EXERCISE AIM — Your reply should contain the whole listing below, repeated exactly, and no images.

INFORMATION PROVIDED —
== == ==

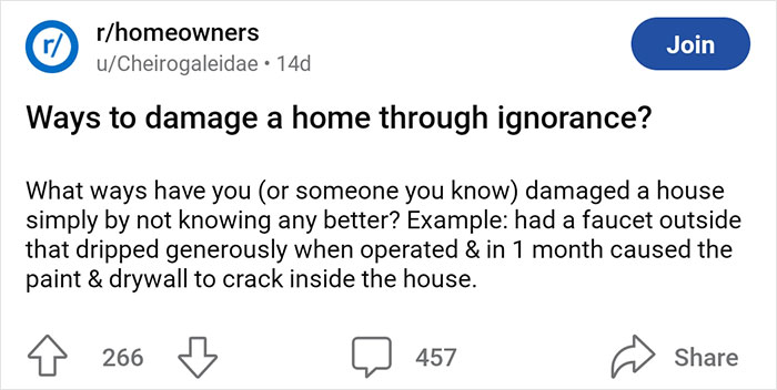 Reddit user u/Cheirogaleidae sparked a discussion on the r/homeowners online community when they asked everyone about the ways that they’ve damaged their homes through sheer ignorance. We’ve collected the best stories and tips so that you avoid these errors, Pandas.
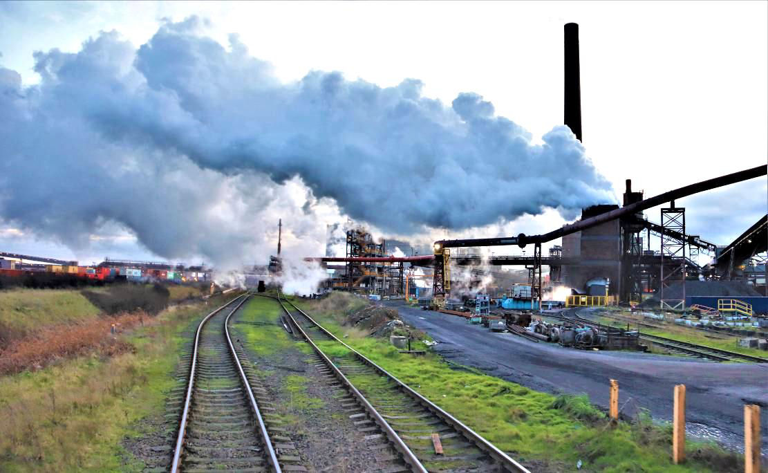 BOS Yard Line 4 - see earlier for an end of line close up. Top middle left is the Slab Yard, then Concast with the BOS Plant far right.
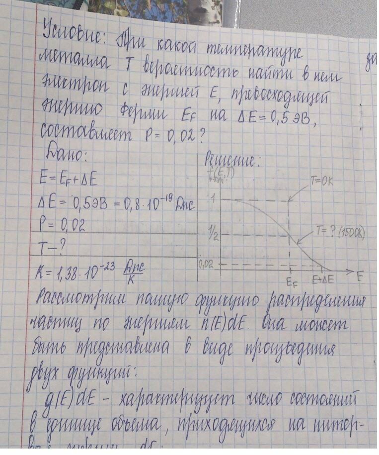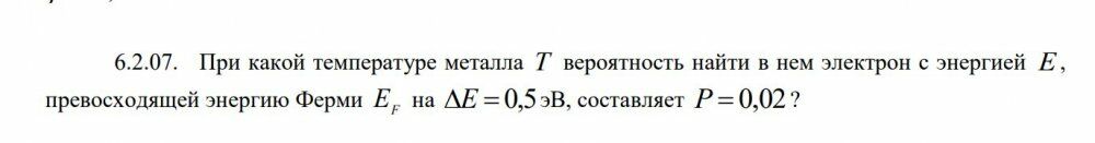 6.2.07. При какой температуре металла T вероятность найти в нем электрон с энергией E, превосходящей энергию Ферми EF на E  0,5 эВ, составляет P  0,02 ?

== == ==

WRITTEN REPLY —
 Reddit user u/Cheirogaleidae sparked a discussion on the r/homeowners online community when they asked everyone about the ways that they’ve damaged their homes through sheer ignorance. We’ve collected the best stories and tips so that you avoid these errors, Pandas.
 BOS Yard Line 4 - see earlier for an end of line close up. Top middle left is the Slab Yard, then Concast with the BOS Plant far right.
 6.2.07. При какой температуре металла T вероятность найти в нем электрон с энергией E, превосходящей энергию Ферми EF на E  0,5 эВ, составляет P  0,02 ?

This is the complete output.